**Data segment**
===============

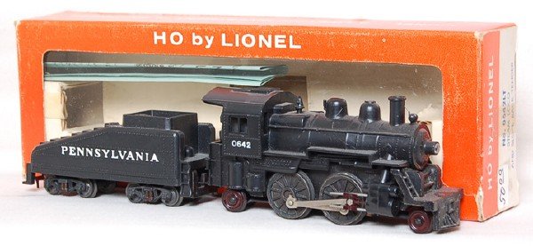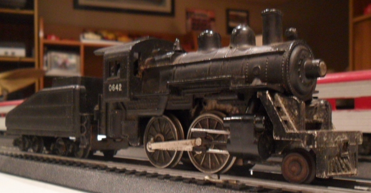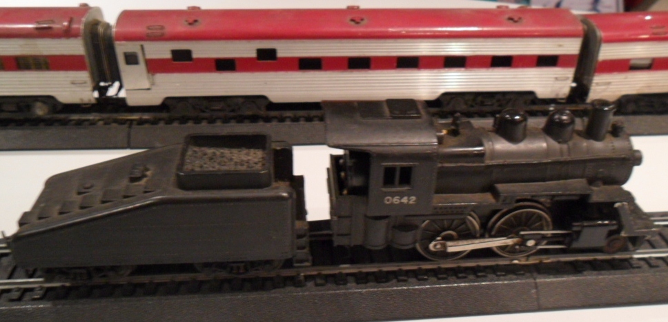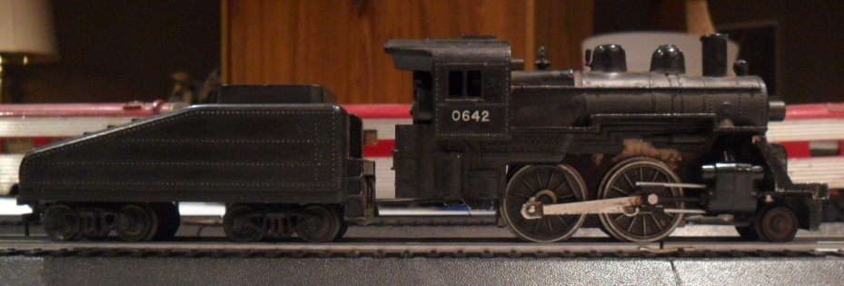 | The 0642 switcher is a Lionel HO piece, made 1961-1962; it's missing a trailing truck as it should be a 2-4-2 and uses the old Hobbyline switcher body on a new chassis sharing drive wheels with the Lionel (former English) 4-6-2. It's nicknamed the "haybird" -
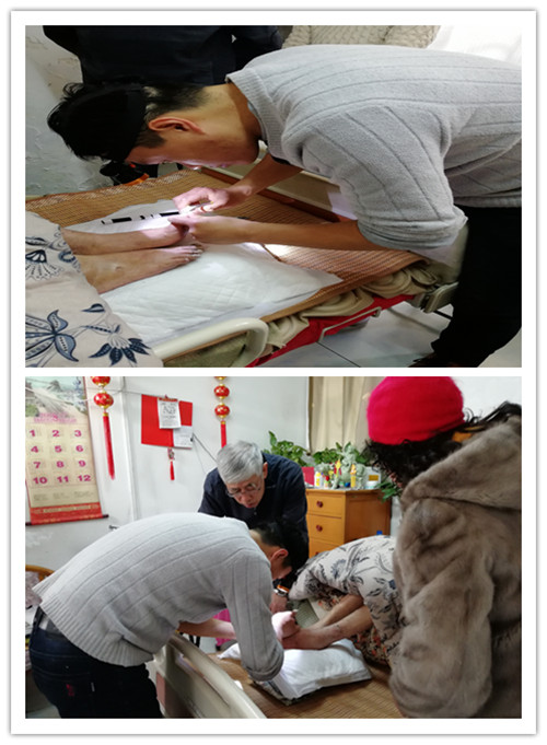 病床上的老人,看到志愿者犹如见了到亲人,同时感受修脚师傅精湛的手法,幸福指数在迅速上升!
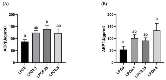 The activities of acid phosphatase (ACP) and alkaline phosphatase (AKP) were increased by dietary LPC, and the highest activities of ACP and AKP were observed in the LPC0.25 and LPC0.5 group, respectively (p < 0.05) (Figure 3).
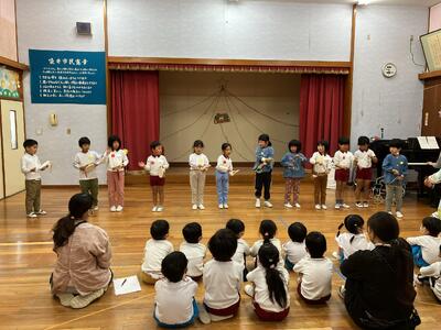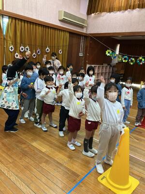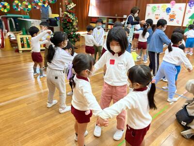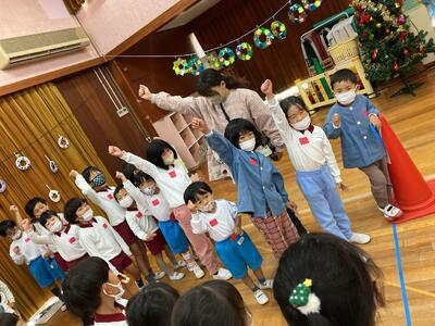 お楽しみ会当日は、クリスマスの由来を聞いたり、ダンスや楽器遊びをしたりしてクリスマスコンサートを楽しみました。「クリスマスツリーゲーム」では、サンタチームとトナカイチームに分かれて、ツリー作りをしました。先生とジャンケンして勝つことができると、嬉しそうにツリーに飾りを付けていました。ツリーはサンタチームが早く完成しましたが、どちらのチームも応援し合いながら、楽しむことができました。

===============

**Task statement**
Your task is to repeat exactly the lines from the beginning of the data to the line that contains "The activities of", both ends included, leaving out pictures.

**Reply**
 | The 0642 switcher is a Lionel HO piece, made 1961-1962; it's missing a trailing truck as it should be a 2-4-2 and uses the old Hobbyline switcher body on a new chassis sharing drive wheels with the Lionel (former English) 4-6-2. It's nicknamed the "haybird" -
 病床上的老人,看到志愿者犹如见了到亲人,同时感受修脚师傅精湛的手法,幸福指数在迅速上升!
 The activities of acid phosphatase (ACP) and alkaline phosphatase (AKP) were increased by dietary LPC, and the highest activities of ACP and AKP were observed in the LPC0.25 and LPC0.5 group, respectively (p < 0.05) (Figure 3).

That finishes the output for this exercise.